Reconstruction time for a single iteration with different numbers of threads (s).
Table 6 lists the NRMS errors of the 196th transversal slices achieved by ART-TV-J and ART-TV-symJ. The iteration number was set to 10, and the number of threads varied from 1 to 10. As can be seen from Table 6, the accelerated ART-TV-J and ART-TV-symJ methods maintain the accuracy of reconstruction, which further demonstrates the effectiveness of our hybrid parallel scheme.
NRMS errors with different numbers of threads.
Figure 8 shows the reconstructed 196th transversal slices using ART-TV-J and ART-TV-symJ. As shown in Figure 8, the reconstructed images are almost identical when accelerated using different numbers of threads. The results indicate that our method, which combines multi-threading with GPU acceleration for the ART-TV-symJ, is highly accurate.
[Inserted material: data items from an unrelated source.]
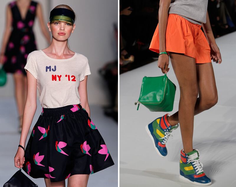 Fashion editors basically come to New York for two reasons. One: there are major advertisers who would be offended if these journalists didn't make an appearance at their shows. And two: Marc Jacobs shows here. On Monday night, Jacobs held his show for Marc by Marc Jacobs, and it was filled with the kind of cool, hipster sportswear he's known for. The colors of the American flag ran through the collection; a pair of navy shorts with a red stripe going down them, a red swimsuit with navy trim—and lots of very Marc-ish coats and parkas accessorized with two-toned plastic visors. Two highlights included rainbow hightops—and a self-referential “MJ NY ’12” T-shirt.
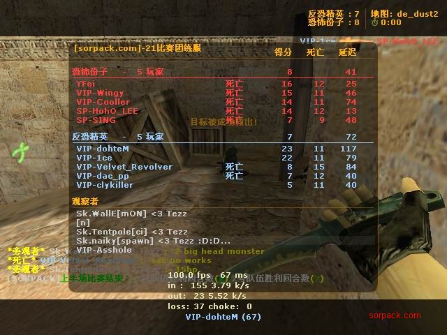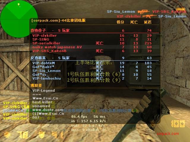 这应该是我被鸭子刀杀的那场比赛。。 我们的B点埋包后的camp实在是太烂了 也没有互相之间的掩护。。 鸭子竟然从狗洞钻进来刀了我 当时真的很无语。。。 =。=!!! messi的枪也蛮厉害的 我对枪很吃力。。 AV男掉线了 赶紧抓一张!! 掏出匕首的瞬间!我在打1.5 ! 左边的人快撑不住了。。
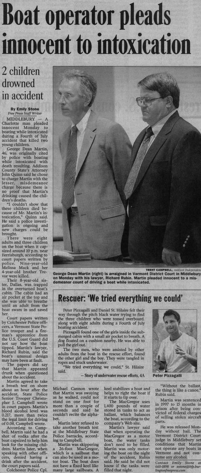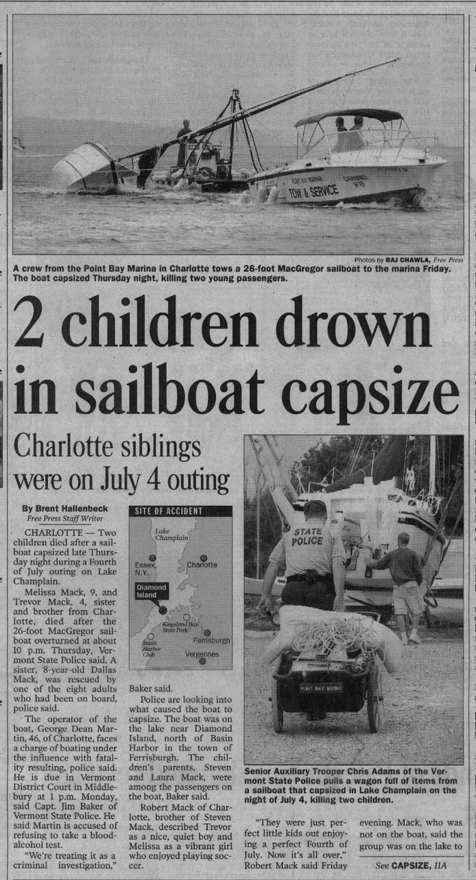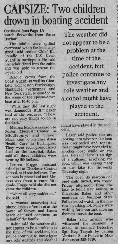 The boat capsized about 10 p.m. on Lake Champlain in Ferrisburgh. Nine-year-old Melissa Mack and her 4-year-old brother, Trevor, drowned. The accident left the community wondering what caused a boat on calm waters to suddenly capsize.
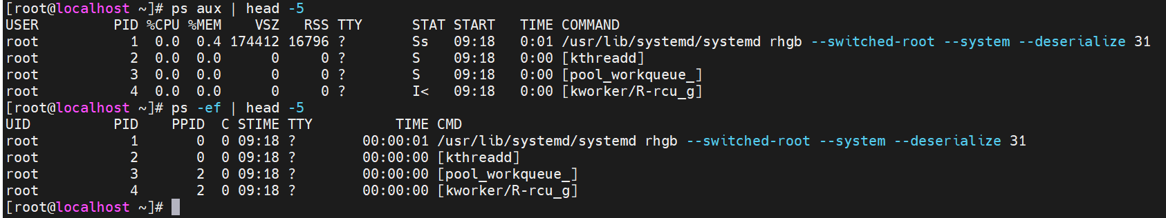 注意点:aux 可以显示cou使用率、内存使用率、虚拟和物理内存大小、进程状态,但-ef不可以
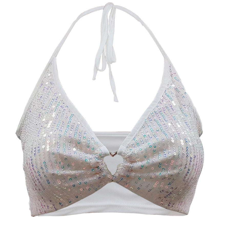Con el top de lentejuelas de las mujeres con cuello en V, puedes verte lindo en cualquier día de playa. Viene en blanco o negro y presenta un recorte de corazón en el centro.

Reconstructed images of the SLP by two methods using multi-thread and GPU acceleration. The first to fourth column shows the reconstructions using 1, 4, 8, and 10 threads, respectively. The first (second) row shows results achieved by the ART-TV-J (ART-TV-smyJ) algorithm.
Real data study
Since the efficiency of the ART-TV-symJ has been assessed in detail, in this sub-section, we focus on evaluating its accuracy for real CT projection data. The projections were obtained by scanning a physical phantom on a real cone-beam CT scanner. The phantom is a ceramic teapot, which has almost one single material. The source-to-origin distance was 1080 mm, and the source-to-detector distance was 1950 mm. The flat detector had a resolution of 2048 × 2048 bins with a pixel size of 0.2 mm × 0.2 mm. The reconstruction image was 512 × 512 × 512 with a voxel size of 0.443 mm × 0.443 mm × 0.443 mm. A total of 600 projections were acquired with equal angular spacing over 360° rotation. For comparison, we reconstructed the teapot using the FDK, ART-TV, and ART-TV-symJ methods. For traditional ART-TV method, Siddon's forward projection was used. The FDK algorithm was implemented using all projections, whose reconstruction results can be considered as the reference for comparison. Both ART-TV and ART-TV-symJ were implemented using a subset of 40 equally spaced projections with 20 iterations.
Figure 9 presents the reconstructed images of the teapot using these methods. Specifically, it displays the 246th transversal slice and the 210th coronal slice. As shown in Figure 9, the reconstructed images from these methods appear virtually identical, indicating that both ART-TV and ART-TV-symJ are highly effective in reconstructing single-material objects from very sparse view projections. For further comparison, we plotted the profiles (marked by red lines in Figure 9) in Figure 10. As depicted in Figure 10(a) and (c), the profiles of ART-TV and ART-TV-symJ are nearly coincident. However, as shown in Figure 10(b) and (d), the profiles of ART-TV-symJ exhibit greater consistency with those of the FDK method.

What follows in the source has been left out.